State v. Taylor, 2011AP1030–CR.

Decision Date23 April 2013
Docket NumberNo. 2011AP1030–CR.,2011AP1030–CR.
Citation2013 WI 34,347 Wis.2d 30,829 N.W.2d 482
PartiesSTATE of Wisconsin, Plaintiff–Respondent, v. Gerald D. TAYLOR, Defendant–Appellant.
CourtWisconsin Supreme Court

OPINION TEXT STARTS HERE

For the defendant-appellant-petitioner, there were briefs and oral argument by Andrew R. Hinkel, assistant state public defender.

For the plaintiff-respondent, the cause was argued by Thomas J. Balistreri, assistant attorney general, with whom on the brief was J.B. Van Hollen, attorney general.

ANNETTE KINGSLAND ZIEGLER, J.

[347 Wis.2d 35]¶ 1 This appeal is before the court on certification by the court of appeals, pursuant to Wis. Stat. § 809.61 (2009–10).1 The defendant, Gerald Taylor (Taylor), pled no contest to charges of uttering a forgery as a repeater. The penalty Taylor faced for uttering a forgery was “a fine not to exceed $10,000 or imprisonment not to exceed 6 years, or both.” Wis. Stat. § 939.50(3)(h). Additionally, because Taylor was a repeat offender, his maximum term of imprisonment could “be increased by not more than 2 years if the prior convictions were for misdemeanors.” 2Wis. Stat. § 939.62(1)(b). Therefore, Taylor faced a maximum term of imprisonment of eight years.

¶ 2 Specifically, at the plea hearing, the circuit court informed Taylor that it “could impose the maximum penalty here of a $10,000 fine or six years in prison or both.” Though the court mentioned the repeater allegation several times, it did not explicitly inform Taylor during the plea colloquy that he faced an additional two-year penalty because of the repeater allegation for a maximum term of imprisonment of eight years.

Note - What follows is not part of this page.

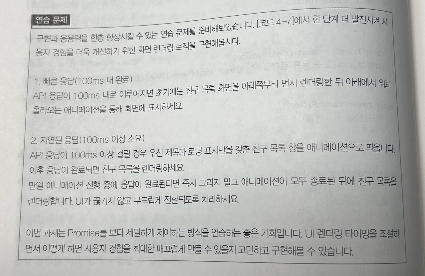 제공되는 설명과 코드에 지쳐있는 당신을 위한 연습 문제도 있다. FE개발자라면 꼭 도전해보기!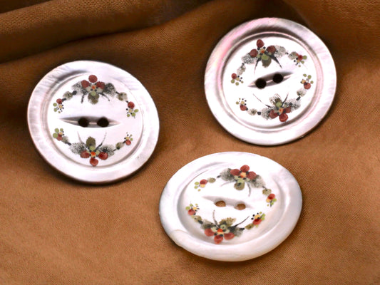 Mother of Pearl Hand-Painted Floral Garland Sew-Thru Buttons 28mm

¶ 3 Thereafter, the circuit court sentenced Taylor to a six-year term of imprisonment for uttering a forgery as a repeater. Subsequently, Taylor filed a motion for postconviction relief pursuant to Wis. Stat. § 809.30(2)(h). Taylor moved to withdraw his no contest plea, arguing that it was not entered knowingly, intelligently, and voluntarily.

¶ 4 The circuit court denied Taylor's motion without requiring the State to prove, at a Bangert hearing, that Taylor entered his plea knowingly, intelligently, and voluntarily.3 The court stated that since Taylor was informed that he faced a six-year term of imprisonment and he received a six-year term of imprisonment, any error was “harmless.”

¶ 5 Taylor appealed the circuit court's denial of his motion to withdraw his no contest plea. Taylor argued that it was improper for the circuit court to find that its error was “harmless,” and that a plea that is not entered knowingly, intelligently, and voluntarily is harmful under State v. Bangert, 131 Wis.2d 246, 389 N.W.2d 12 (1986).

¶ 6 The court of appeals certified Taylor's appeal to this court. It noted that “it is unclear whether understating the potential penalty during a plea colloquy can properly be deemed harmless error, and if so, where in the analytical framework of Bangert such a determination should be made.”

¶ 7 We granted the court of appeals' certification and now affirm the judgment of the circuit court.

¶ 8 We hold that the defendant's plea was entered knowingly, intelligently, and voluntarily when the record makes clear that the defendant knew the maximum penalty that could be imposed and was verbally informed at the plea hearing of the penalty that he received. Therefore, the circuit court did not err by denying Taylor's postconviction motion to withdraw his no contest plea.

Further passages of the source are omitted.